AI Whistleblower Protection Act
Summary
What This Bill Does
The AI Whistleblower Protection Act defines AI security vulnerabilities, AI violations, artificial intelligence, emerging AI technology, covered individuals, and employers. Covered individuals include current and former employees and independent contractors. Employers are any compensated work recipients engaged in commerce or an industry affecting commerce. Employers may not discharge, demote, suspend, threaten, blacklist, harass, or otherwise discriminate in employment, post-employment, or contractor work terms because a covered individual lawfully reports an AI security vulnerability or AI violation, or reasonably believed vulnerability or violation, to an appropriate regulatory official, the Attorney General, a regulatory or law enforcement agency, Congress, a supervisor, or internal personnel with authority to investigate or address misconduct. Protected activity also includes initiating, testifying in, or assisting investigations or judicial or administrative actions. Aggrieved covered individuals may file Labor Department complaints under AIR21-style procedures or sue in federal district court if Labor has not issued a final decision within 180 days without bad-faith delay. Federal court actions allow jury trials, have six-year, three-year discovery, and 10-year outside limitations periods, and prevailing individuals receive reinstatement, double back pay with interest, compensatory damages including litigation costs, expert witness fees, and attorneys' fees, plus other appropriate remedies. Rights cannot be waived or altered by contracts, arbitration, mediation, policies, or employment conditions.
Who Benefits and How
AI employees benefit because they can report security vulnerabilities or legal violations without employer retaliation. AI contractors benefit because independent contractors and former contractors are covered. Regulators benefit from protected disclosures about AI public safety, public health, national security, and legal risks. Congressional committees benefit because disclosures to members or committees are protected.

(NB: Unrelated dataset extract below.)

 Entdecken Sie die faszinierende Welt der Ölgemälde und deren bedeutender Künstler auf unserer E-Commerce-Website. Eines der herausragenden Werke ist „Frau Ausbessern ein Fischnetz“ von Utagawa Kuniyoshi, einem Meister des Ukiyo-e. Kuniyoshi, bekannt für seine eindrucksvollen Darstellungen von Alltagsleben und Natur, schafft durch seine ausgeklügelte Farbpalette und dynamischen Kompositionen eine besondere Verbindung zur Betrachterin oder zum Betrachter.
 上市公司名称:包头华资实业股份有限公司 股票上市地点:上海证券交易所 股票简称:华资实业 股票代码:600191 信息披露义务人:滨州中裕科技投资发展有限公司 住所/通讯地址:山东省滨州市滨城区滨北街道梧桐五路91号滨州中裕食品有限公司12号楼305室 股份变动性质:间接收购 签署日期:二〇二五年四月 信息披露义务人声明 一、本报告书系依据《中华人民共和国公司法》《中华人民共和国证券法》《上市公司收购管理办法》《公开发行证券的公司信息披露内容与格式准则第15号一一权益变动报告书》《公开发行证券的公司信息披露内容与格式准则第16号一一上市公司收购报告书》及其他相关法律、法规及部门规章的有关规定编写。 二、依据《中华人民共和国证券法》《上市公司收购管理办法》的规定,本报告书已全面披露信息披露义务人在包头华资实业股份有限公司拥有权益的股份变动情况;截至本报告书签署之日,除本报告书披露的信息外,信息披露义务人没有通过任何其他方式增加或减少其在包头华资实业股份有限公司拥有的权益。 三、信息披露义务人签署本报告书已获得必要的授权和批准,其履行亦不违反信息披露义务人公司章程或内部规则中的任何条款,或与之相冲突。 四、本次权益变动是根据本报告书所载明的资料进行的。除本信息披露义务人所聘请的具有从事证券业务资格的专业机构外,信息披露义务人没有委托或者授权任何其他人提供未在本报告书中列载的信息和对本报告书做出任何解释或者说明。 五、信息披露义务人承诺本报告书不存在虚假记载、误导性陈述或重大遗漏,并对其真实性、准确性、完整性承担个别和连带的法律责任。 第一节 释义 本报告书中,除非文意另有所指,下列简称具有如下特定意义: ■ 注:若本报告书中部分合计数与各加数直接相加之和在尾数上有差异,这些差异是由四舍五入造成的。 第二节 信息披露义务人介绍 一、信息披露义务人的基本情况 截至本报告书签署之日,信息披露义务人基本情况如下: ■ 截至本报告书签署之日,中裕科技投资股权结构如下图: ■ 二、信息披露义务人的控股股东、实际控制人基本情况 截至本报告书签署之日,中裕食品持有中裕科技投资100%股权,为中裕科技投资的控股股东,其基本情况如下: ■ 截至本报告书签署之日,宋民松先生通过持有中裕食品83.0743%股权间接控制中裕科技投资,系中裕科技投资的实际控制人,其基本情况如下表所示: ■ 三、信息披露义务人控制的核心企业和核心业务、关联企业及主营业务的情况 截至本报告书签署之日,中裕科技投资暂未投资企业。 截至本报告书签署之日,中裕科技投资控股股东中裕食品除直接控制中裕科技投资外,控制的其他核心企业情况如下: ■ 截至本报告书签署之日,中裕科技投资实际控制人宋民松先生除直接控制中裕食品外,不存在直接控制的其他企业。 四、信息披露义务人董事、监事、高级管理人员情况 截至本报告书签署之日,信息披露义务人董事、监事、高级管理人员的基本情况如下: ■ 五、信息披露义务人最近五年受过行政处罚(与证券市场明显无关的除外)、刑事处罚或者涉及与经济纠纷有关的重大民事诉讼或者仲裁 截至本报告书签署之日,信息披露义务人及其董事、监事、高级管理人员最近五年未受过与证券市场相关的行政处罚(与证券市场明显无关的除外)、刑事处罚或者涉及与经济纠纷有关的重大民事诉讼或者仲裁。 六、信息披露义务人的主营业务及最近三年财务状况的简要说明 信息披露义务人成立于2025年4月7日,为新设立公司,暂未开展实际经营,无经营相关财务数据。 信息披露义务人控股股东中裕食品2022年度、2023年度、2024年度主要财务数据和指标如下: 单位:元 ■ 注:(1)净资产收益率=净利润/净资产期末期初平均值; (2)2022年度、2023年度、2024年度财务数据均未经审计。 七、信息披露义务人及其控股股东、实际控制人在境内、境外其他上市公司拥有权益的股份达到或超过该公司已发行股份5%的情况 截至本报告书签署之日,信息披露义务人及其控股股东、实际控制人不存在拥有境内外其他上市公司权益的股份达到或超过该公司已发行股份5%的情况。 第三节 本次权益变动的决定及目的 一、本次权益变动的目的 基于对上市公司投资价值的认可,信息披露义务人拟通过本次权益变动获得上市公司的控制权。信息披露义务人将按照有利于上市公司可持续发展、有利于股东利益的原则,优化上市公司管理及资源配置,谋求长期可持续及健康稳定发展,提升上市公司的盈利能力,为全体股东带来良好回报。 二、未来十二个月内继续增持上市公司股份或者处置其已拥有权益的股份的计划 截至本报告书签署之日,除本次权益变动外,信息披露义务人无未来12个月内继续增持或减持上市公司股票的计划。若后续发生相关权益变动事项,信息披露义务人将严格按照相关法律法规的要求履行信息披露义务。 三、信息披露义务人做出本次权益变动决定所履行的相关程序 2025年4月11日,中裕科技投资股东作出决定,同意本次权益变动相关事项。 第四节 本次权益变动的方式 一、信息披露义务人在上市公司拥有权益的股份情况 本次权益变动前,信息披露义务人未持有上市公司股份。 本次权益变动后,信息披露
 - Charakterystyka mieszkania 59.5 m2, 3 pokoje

Who Bears the Burden and How
AI employers must avoid retaliation against covered individuals who report AI vulnerabilities or violations. Labor Department whistleblower staff must process complaints using AIR21-style procedures. Federal courts may hear AI whistleblower suits when Labor misses the 180-day deadline. Employers that retaliate face reinstatement, double back pay, compensatory damages, litigation costs, expert fees, attorneys' fees, and other remedies.
Key Provisions
- Defines AI security vulnerabilities, AI violations, covered individuals, emerging AI technology, and covered employers.

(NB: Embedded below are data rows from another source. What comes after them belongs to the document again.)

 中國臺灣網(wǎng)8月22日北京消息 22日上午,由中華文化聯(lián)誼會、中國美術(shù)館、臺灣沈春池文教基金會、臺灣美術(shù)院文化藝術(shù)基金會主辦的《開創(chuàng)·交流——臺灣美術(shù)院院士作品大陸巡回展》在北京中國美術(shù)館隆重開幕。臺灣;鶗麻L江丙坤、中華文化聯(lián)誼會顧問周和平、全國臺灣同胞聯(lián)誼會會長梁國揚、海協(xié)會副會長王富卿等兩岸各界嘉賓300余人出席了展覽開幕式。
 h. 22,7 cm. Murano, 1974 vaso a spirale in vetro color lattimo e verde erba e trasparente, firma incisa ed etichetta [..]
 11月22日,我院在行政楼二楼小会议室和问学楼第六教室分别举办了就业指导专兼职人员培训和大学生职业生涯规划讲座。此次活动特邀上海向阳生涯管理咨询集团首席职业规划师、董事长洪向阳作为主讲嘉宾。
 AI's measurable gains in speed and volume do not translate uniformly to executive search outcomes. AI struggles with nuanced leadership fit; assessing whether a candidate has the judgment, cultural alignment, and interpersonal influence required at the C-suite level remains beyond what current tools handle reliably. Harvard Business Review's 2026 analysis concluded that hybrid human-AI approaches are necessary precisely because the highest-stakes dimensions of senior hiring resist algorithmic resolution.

- Prohibits retaliation for reporting AI vulnerabilities, AI violations, or reasonably believed misconduct to regulators, law enforcement, Congress, supervisors, or authorized internal personnel.
- Allows Labor Department complaints and federal court actions after 180 days without a final Labor decision.

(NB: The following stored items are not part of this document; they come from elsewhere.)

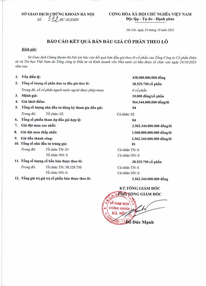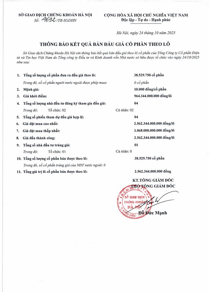 • Thông báo Đấu giá cả lô cổ phần Tổng Công ty CP Điện tử và Tin học Việt Nam do SCIC sở hữu (26/09/2025)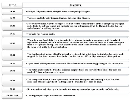 From 17–23 July 2021, Henan Province was hit by severe rainfall, resulting in extensive urban flooding. The disaster resulted in 398 reported deaths, with 380 in Zhengzhou. On 20 July, Zhengzhou suffered major casualties and economic losses, including the Zhengzhou Metro accident that caused 14 fatalities. Between 17:00 and 18:00, Metro Line 5 was traveling from Haitansi Station to Shakoulu Station when floodwater rushed into the metro tunnel from the Wulongkou parking lot, a stop and maintenance area for metro trains. This caused over 900 commuters to be trapped, with more than 400 of them detained for over three hours. A map of the accident site and the Wulongkou parking lot is shown in Figure 2, and a summary of the accident is provided in Figure 3. The information is derived from the “Investigation Report on the ‘7·20’ Extraordinary Rainstorm Disaster in Zhengzhou, Henan Province” published by the State Council Disaster Investigation Team of the Ministry of Emergency Management of the People’s Republic of China (MEM) [], as well as relevant information compiled by The Paper News [].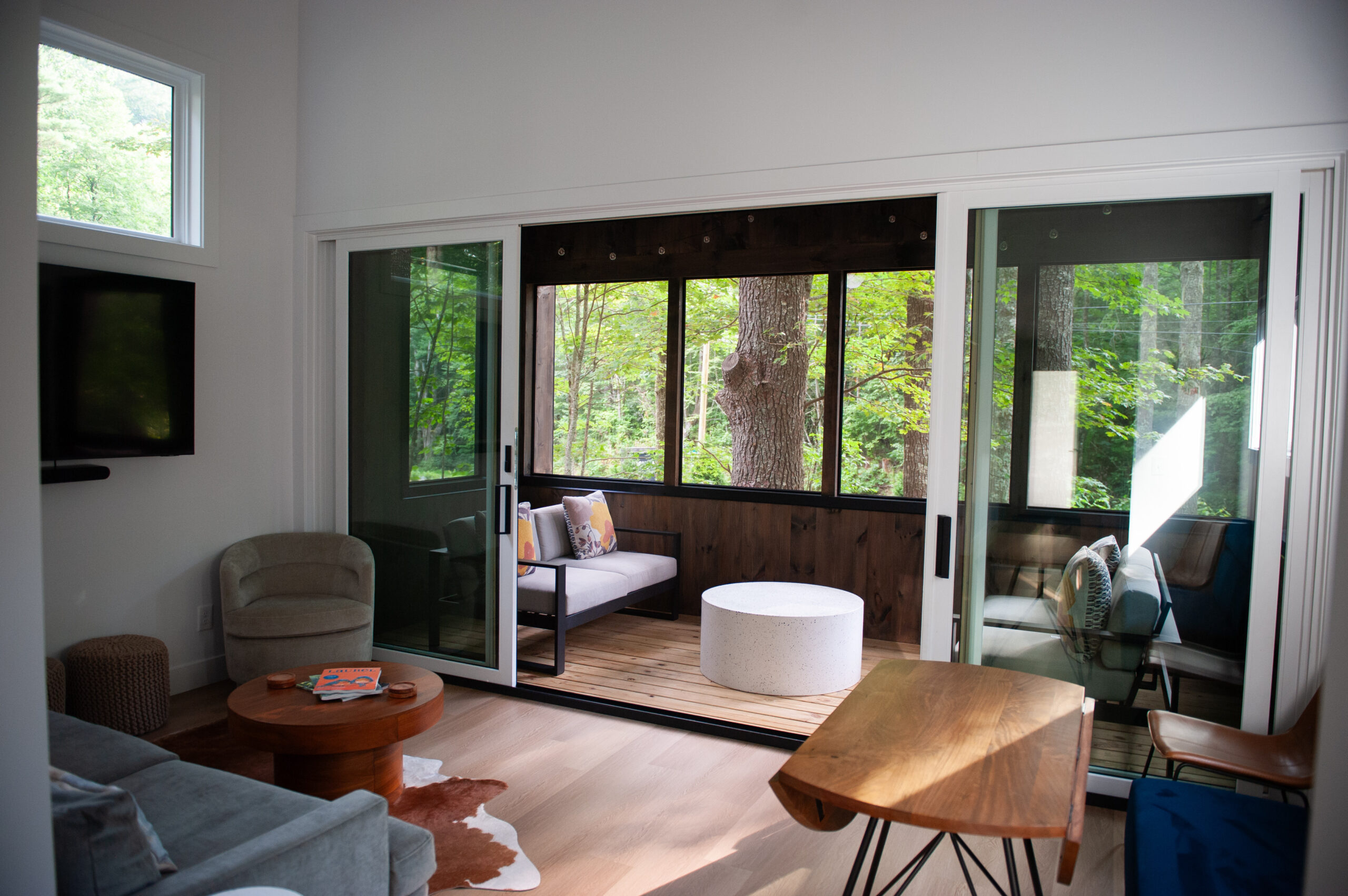 Each cabin features two comfortable bedrooms, two full bathrooms, and a furnished outdoor living space. Gorgeous waterfalls, mountainous trails, and plentiful fishing spots are only minutes from your front door- High Camp is where memories are made.

- Provides jury trials, reinstatement, double back pay, compensatory damages, litigation costs, expert fees, attorneys' fees, and other remedies.
- Prohibits waiver or alteration of rights through contracts, arbitration, mediation, policies, or employment conditions.
Evidence Chain:
This summary is generated from the full bill text using AI analysis. Expand "Detailed Analysis" below for identified beneficiaries/burden bearers with clause-level evidence links.
At a Glance
What This Bill Does
Protects employees, former employees, independent contractors, and former contractors from retaliation for reporting AI security vulnerabilities, AI legal violations, or substantial AI dangers to regulators, law enforcement, Congress, supervisors, or authorized internal personnel, with Labor complaints, federal court actions, jury trials, double back pay, compensatory damages, fees, and nonwaivable remedies.
Key Policy Areas
Artificial Intelligence, Whistleblowers, Labor
Primary Purpose
Protects employees, former employees, independent contractors, and former contractors from retaliation for reporting AI security vulnerabilities, AI legal violations, or substantial AI dangers to regulators, law enforcement, Congress, supervisors, or authorized internal personnel, with Labor complaints, federal court actions, jury trials, double back pay, compensatory damages, fees, and nonwaivable remedies.
Policy Domains
Resolution provisions
Identified Gains
- AI employees
- AI contractors
- Regulators
- Congressional committees
Identified Costs
- AI employers
- Labor Department whistleblower staff
- Federal courts
- Employers that retaliate
Sponsors
Legislative Progress
In CommitteeMr. Obernolte (for himself and Mr. Lieu) introduced the following …
Referred to the House Committee on Education and Workforce.
Introduced in House
Stakeholder Effects
cui bono?How this legislation distributes effects. Mention counts reflect frequency, not effect magnitude.
AI contractors, AI employees, AI employers
Positive-direction: AI contractors, AI employees
Negative-direction: AI employers
Labor Department whistleblower staff, Regulators
Bill Structure & Actor Mappings
Who is "The Secretary" in each section?
We use a combination of our own taxonomy and classification in addition to large language models to assess meaning and potential beneficiaries. High confidence means strong textual evidence. Always verify with the original bill text.